October 10, 2007
If Liberals have a political philosophy that centres on the primacy of individual, individual freedom, and small government, then why all the emphasis on a strong leader who is marketed as a president? Why do they have a strong and ruthless leader who concentrates all power in his office with a powerless backbench?

Bill Leak
Does this turn to the autocratic Man of Steel mean that the Liberals are no longer small l-liberal. That they have become Conservatives?
Mungo MacCallum outlines and explores the strong leadership theme in The Monthly along the lines of Thatcher's advice: never admit you are wrong and give you enemies nothing. This gives rise to the purge of moderates --small-l liberals---in the Liberal Party and the turn to autocracy.
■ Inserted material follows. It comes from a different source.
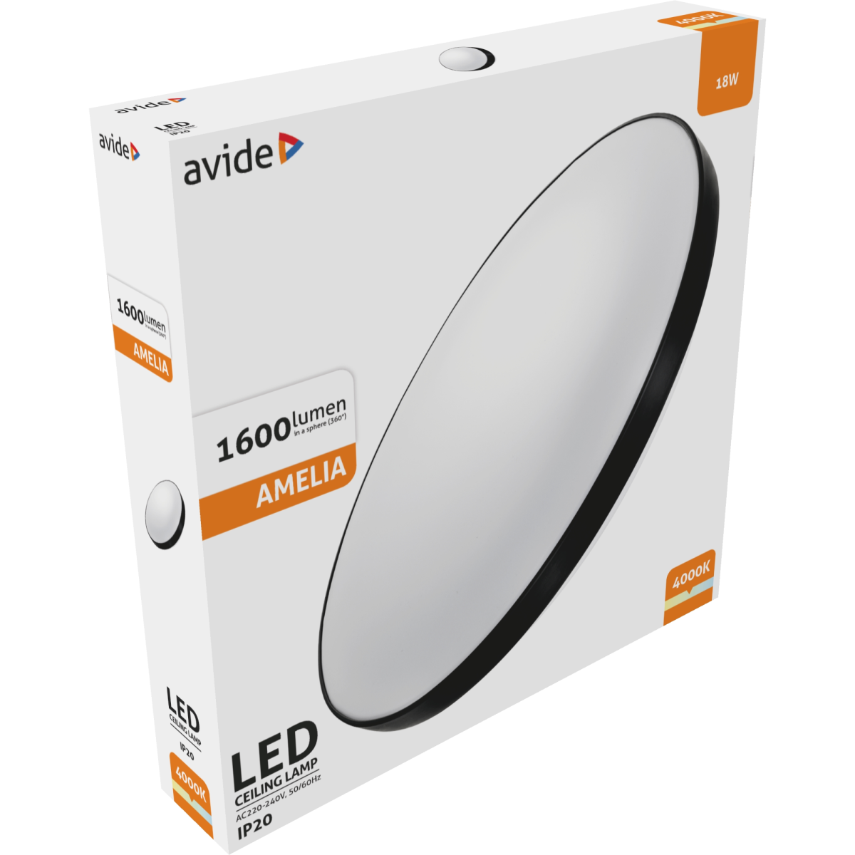 AVIDE AMELIA LED MENNYEZETI LÁMPA FEKETE 18W NW 4000K 355X65MM

MacCallum then argues that the Man of Steel is going into the election as lameduck--the Leader can no longer lead.
He has no interest in the shifts in political philosophy embodied in Nation, economy and strategic national interest ; or to what extent the Howard Liberals have embraced conservatism or what kind of conservatism: a Burkean one; a one nation British-centric version of Australian nationalism one ; or one based on the authority of the state?
What appears to happen in the political discourse by the commentariat is that the differences are minimized in favour of similarity, even though John Howard, as an ideologically driven prime minister, has fostered and facilitated a combative Right based on the politics of conflict and division as well as fear and loathing.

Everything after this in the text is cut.